My relationship to this hobby was the most negative in my life when I was trying the hardest to qualify for the Pro Tour.  I put in hours and hours and got little tangible benefit in return.  Yes I made friends along the way, but that’s the kind of thing people say whenever they do something stupid for a long time and happen to make a friend out of someone else walking that same misguided path.  Was I financial rewarded?  Was I emotionally rewarded in a way that let me find balance in my life (eventually, yes, but not until over a decade of financially and emotionally draining choices).  I don’t want to fall into the familiar trap of measuring women’s progress using men’s goals.  And there is an overwhelming amount of evidence that men and women do not choose to spend their time the same way or pursue the same goals, for a multitude of reasons.  (This is an article about the research which I found informative on the topic: http://slatestarcodex.com/2017/08/07/contra-grant-on-exaggerated-differences/


If you go survey women at local game stores and try to measure inclusion that way, there will be confounding variables too (selection bias unless you somehow find all the ones that stopped showing up comes to mind), but does anyone doubt that that survey is closer to the source of what we are trying to measure?  There are countless numbers of ways to check in with how we’re doing as a community when it comes to inclusiveness.  Stop focusing on the one with the most confounding variables, the one that hasn’t moved whether things have gotten worse or better over the years.  If you want to measure how you’re doing on something, get close to the damn thing and measure it fairly.

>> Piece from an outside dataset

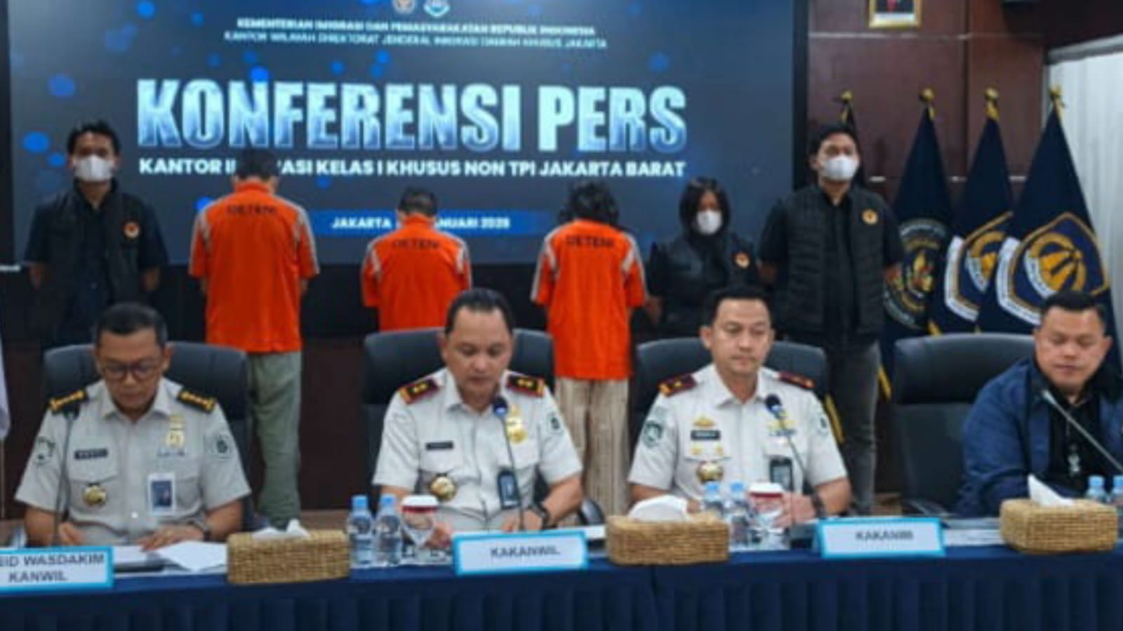 Kepala Kantor Wilayah Direktorat Jenderal Imigrasi DKI Jakarta Pamuji Raharja memberikan keterangan pers pengungkapan kasus tindak pidana penyelundupan manusia (TPPM), yang melibatkan WNA - foto: Ist.

Lastly, if we want to measure diversity on the Pro Tour, let's measure it.  In that case, we are close to what we intend to measure in the same way we can always claim "Acme High isn't very competitive in football" and make a case.  What gets us in trouble is making a claim of one type, and a measurement of a very different type.  The trouble we get into can be described as a severed feedback loop, total blindness, about our progress towards an important goal (and lack of clarity about what that goal is).